Stored data:
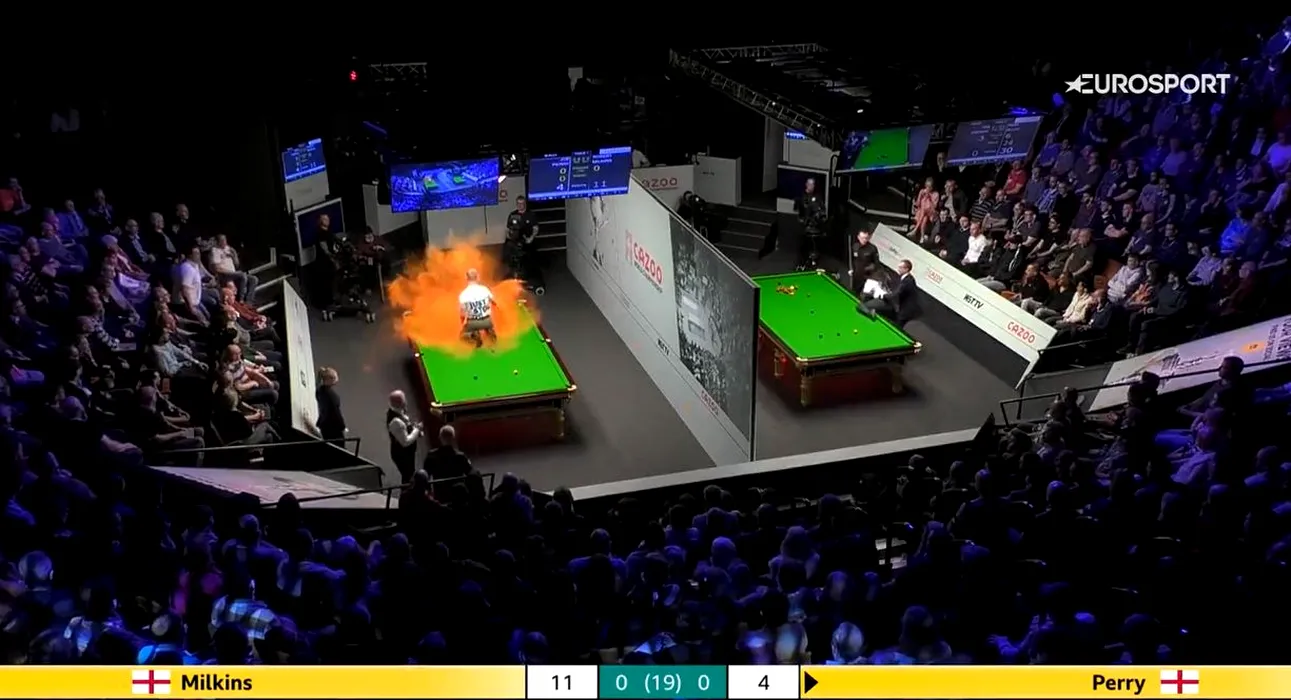 Ce s-a întâmplat la Campionatul Mondial de SNOOKER depășește orice imaginație! Un protestatar a distrus masa de joc cu un praf portocaliu! VIDEO
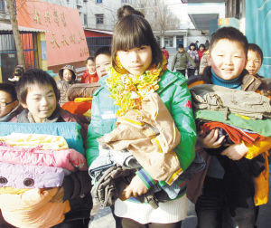 近日,商水县采取一所城里小学帮助一所农村小学的结对帮扶方式,动员城内的小学生在家庭条件允许的情况下,自愿给乡村的孩子捐赠棉衣,让他们在寒冷的冬季感受到温暖和关爱。图为商水县直二小的同学们正在积极捐赠的场景。(戚富岗 摄)
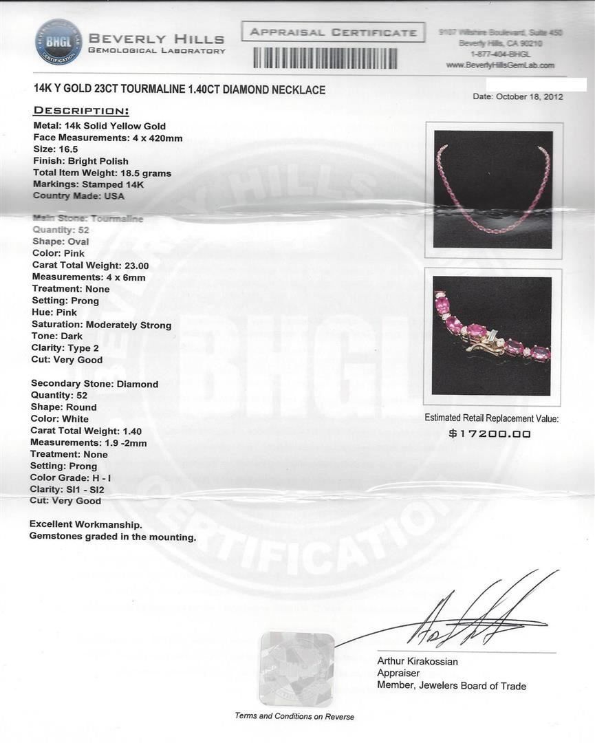 14K Yellow Gold 23CT Tourmaline 1.40CT Diamond Necklace. Description: Metal: 14k solid yellow gold. Face Measurements: 4 x 420mm. Size: 16.5. Finish: bright polish. Total Item Weight: 18.5 grams. Markings: stamped 14K. Country Made: USA. Main Stone: tourmaline. Quantity: 52. Shape: oval. Color: pink. Carat Total Weight: 23.00. Measurements: 4 x 6mm. Treatment: none. Setting: prong. Hue: pink. Saturation: moderately strong. Tone: dark. Clarity: type 2. Cut: very good. Secondary Stone: diamond. Quantity: 52. Shape: round. Color: white. Carat Total Weight: 1.40. Measurements: 1.9 - 2mm. Treatment: none. Setting: prong. Color Grade: H-I. Clarity: SI1-SI2. Cut: very good. Excellent Workmanship. Gemstones graded in the mounting. BHGL Appraised at $17,200.00.
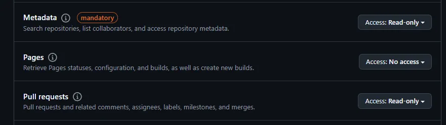そして、Permissions→Repository permissions→Pull requestsをAccess: Read-onlyに設定する。(このとき、Metadataも自動的にRead-onlyになる。)
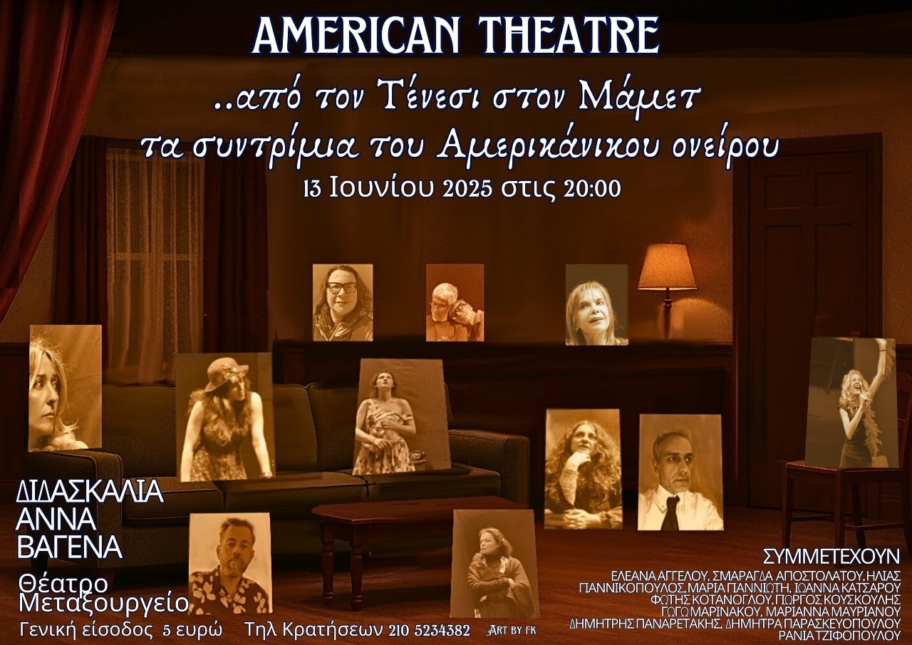 Την Παρασκευή 13 Ιουνίου στις 21:00, θα δοθεί στο θέατρο Μεταξουργείο παράσταση με τίτλο τα συντρίμμια του αμερικανικού ονείρου σε κείμενα των Τενεσί Ουίλιαμς, Έντουαρντ Άλμπι και Ντέιβιντ Μάμετ.
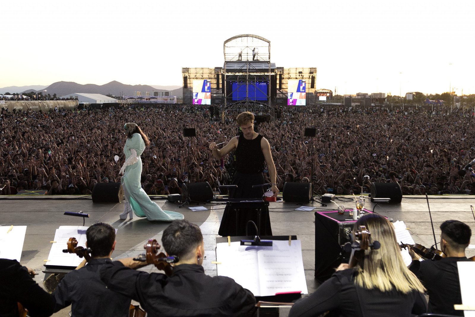 Su banda de acompañamiento es rockera, aun cuando hay momentos de sonidos de sintetizador y la protagonista total es la voz. “Washing Machine Heart” fue, como hemos visto en distintos artistas, un fenómeno de Tik Tok, y la gente la canta efusivamente, con una emoción que pocas veces se vio durante la tarde. Impresionante la recepción, en un atardecer que iba dejando las estelas de un festival histórico.

The task
Restate the entries above word for word, keeping pictures out of the copy.

Result
 Ce s-a întâmplat la Campionatul Mondial de SNOOKER depășește orice imaginație! Un protestatar a distrus masa de joc cu un praf portocaliu! VIDEO
 近日,商水县采取一所城里小学帮助一所农村小学的结对帮扶方式,动员城内的小学生在家庭条件允许的情况下,自愿给乡村的孩子捐赠棉衣,让他们在寒冷的冬季感受到温暖和关爱。图为商水县直二小的同学们正在积极捐赠的场景。(戚富岗 摄)
 14K Yellow Gold 23CT Tourmaline 1.40CT Diamond Necklace. Description: Metal: 14k solid yellow gold. Face Measurements: 4 x 420mm. Size: 16.5. Finish: bright polish. Total Item Weight: 18.5 grams. Markings: stamped 14K. Country Made: USA. Main Stone: tourmaline. Quantity: 52. Shape: oval. Color: pink. Carat Total Weight: 23.00. Measurements: 4 x 6mm. Treatment: none. Setting: prong. Hue: pink. Saturation: moderately strong. Tone: dark. Clarity: type 2. Cut: very good. Secondary Stone: diamond. Quantity: 52. Shape: round. Color: white. Carat Total Weight: 1.40. Measurements: 1.9 - 2mm. Treatment: none. Setting: prong. Color Grade: H-I. Clarity: SI1-SI2. Cut: very good. Excellent Workmanship. Gemstones graded in the mounting. BHGL Appraised at $17,200.00.
そして、Permissions→Repository permissions→Pull requestsをAccess: Read-onlyに設定する。(このとき、Metadataも自動的にRead-onlyになる。)
 Την Παρασκευή 13 Ιουνίου στις 21:00, θα δοθεί στο θέατρο Μεταξουργείο παράσταση με τίτλο τα συντρίμμια του αμερικανικού ονείρου σε κείμενα των Τενεσί Ουίλιαμς, Έντουαρντ Άλμπι και Ντέιβιντ Μάμετ.
 Su banda de acompañamiento es rockera, aun cuando hay momentos de sonidos de sintetizador y la protagonista total es la voz. “Washing Machine Heart” fue, como hemos visto en distintos artistas, un fenómeno de Tik Tok, y la gente la canta efusivamente, con una emoción que pocas veces se vio durante la tarde. Impresionante la recepción, en un atardecer que iba dejando las estelas de un festival histórico.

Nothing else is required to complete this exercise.